Prompt —
For the entries below, return every line from the top through the line with "Yaz aylarının vazgeçilmez" exactly as it stands, omitting pictures.

Saved entries —
=====

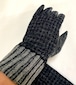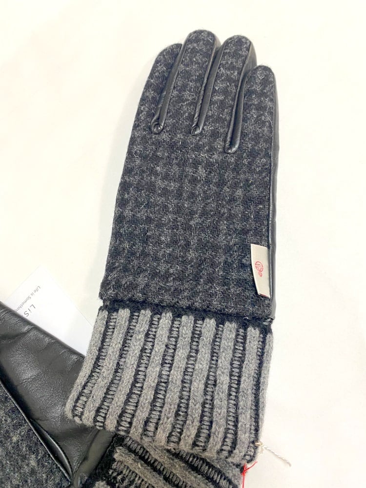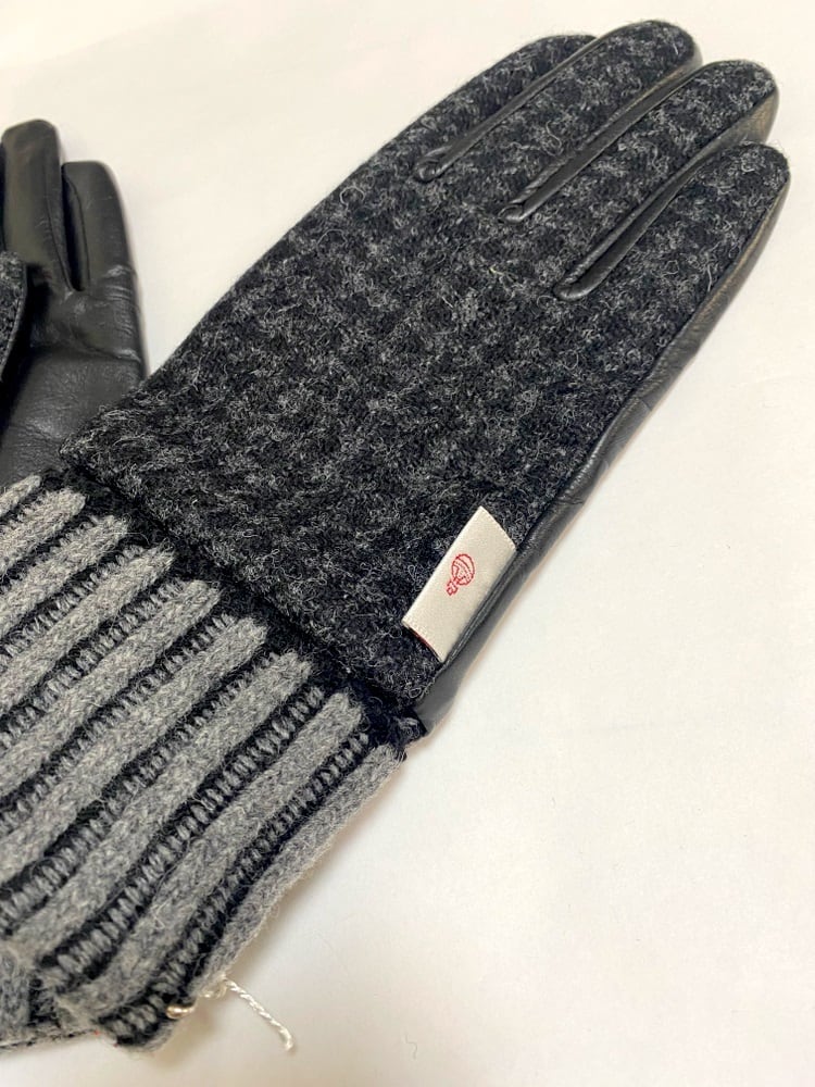 ラムレザーとハリスツイードの千鳥格子柄ウール素材が切り替わったグローブ。手首部分はリブ編みニットに切り替わっています。裏地にはフリース生地が配されていて肌触りもよく保温力も抜群です。人差し指がスマートフォンやタブレットのタッチパネルに対応した仕様になっています。日本製。
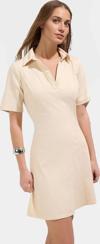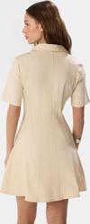 Yaz aylarının vazgeçilmez parçası olacak bu Ekru Gabardin Kumaş Mini Elbise, şıklığı ve rahatlığı bir araya getiriyor. Belden açılan dikiş detayı ile figürünüzü kusursuz bir şekilde vurgularken, kısa ve skater kalıbı ile gün boyu özgürce hareket etmenizi sağlayacak. Nefes alan 98% pamuk ve 2% elastan karışımı kumaşıyla gün boyu konfor sunar. Hem günlük hem de özel davetlerde rahatlıkla kullanabileceğiniz bu elbise, gardrobunuzun yeni favorisi olacak.
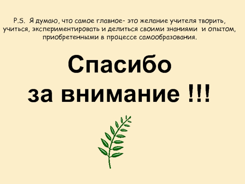 Моя работа- это создание оптимальных условий для развития личности каждого учащегося в различных видах деятельности. Специфика педагогической деятельности такова, что для эффективной деятельности учитель должен владеть знанием собственного предмета, методиками его преподавания, психологией и педагогикой, иметь общий высокий уровень культуры, знать приемы риторики, основы мониторинга, обладать большой эрудицией.
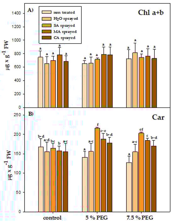 Effect of foliar application of salicylic acid (SA), maleic acid (MA), and citric acid (CA) on selected physiological parameters: (A) total chlorophyll, (B) carotenoid contents. Values with the same letter do not differ significantly at p 0.05.
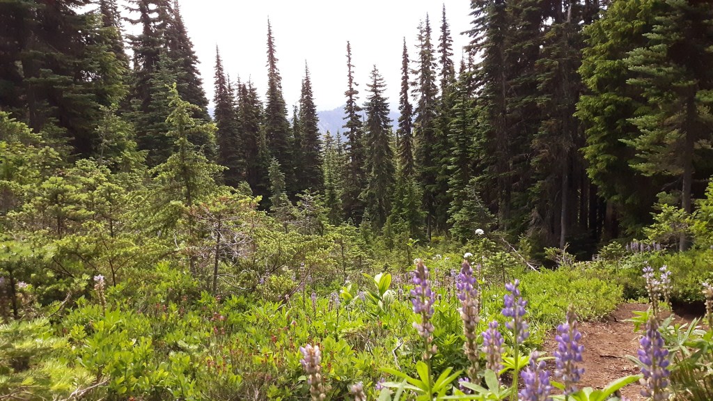 We leveled out for a bit, and then gained some elevation again. We were passed by the same groups of people who went up and also came back down. We went very slowly, but we enjoyed each brutal step. The truly amazing thing was all of the flora! We went from thick evergreens to sub-alpine meadows and up to craggy peak.
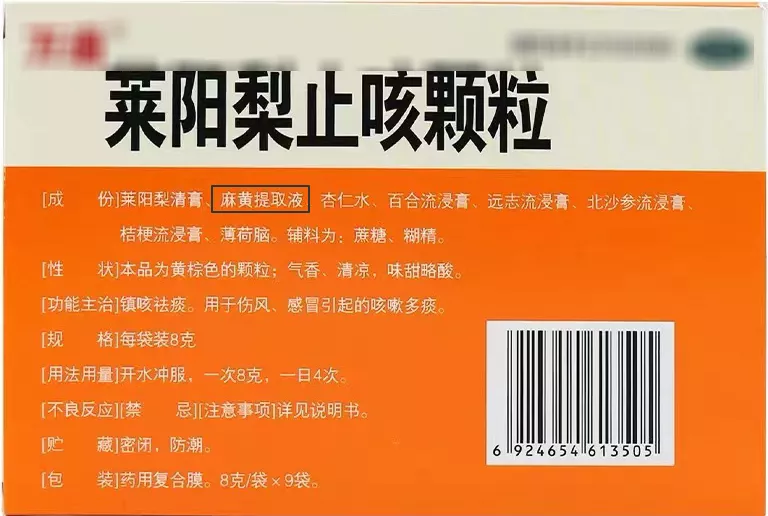 藥店裏賣的“XXX梨止咳顆粒”,配方里加了麻黃,其中所含的麻黃鹼才是主要的療效成分。(加梨的作用和糖一樣,主要還是為了讓藥好喝一點吧)
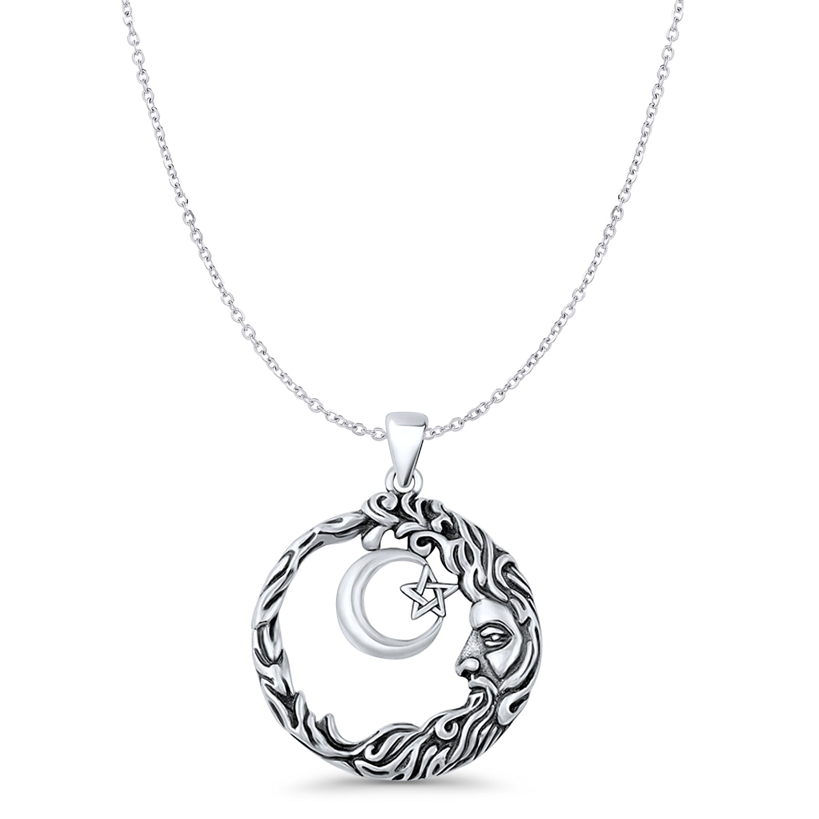 Style: Oxidized Wicca, Star & Moon Pendant Necklace

=====

Response to this task —
 ラムレザーとハリスツイードの千鳥格子柄ウール素材が切り替わったグローブ。手首部分はリブ編みニットに切り替わっています。裏地にはフリース生地が配されていて肌触りもよく保温力も抜群です。人差し指がスマートフォンやタブレットのタッチパネルに対応した仕様になっています。日本製。
 Yaz aylarının vazgeçilmez parçası olacak bu Ekru Gabardin Kumaş Mini Elbise, şıklığı ve rahatlığı bir araya getiriyor. Belden açılan dikiş detayı ile figürünüzü kusursuz bir şekilde vurgularken, kısa ve skater kalıbı ile gün boyu özgürce hareket etmenizi sağlayacak. Nefes alan 98% pamuk ve 2% elastan karışımı kumaşıyla gün boyu konfor sunar. Hem günlük hem de özel davetlerde rahatlıkla kullanabileceğiniz bu elbise, gardrobunuzun yeni favorisi olacak.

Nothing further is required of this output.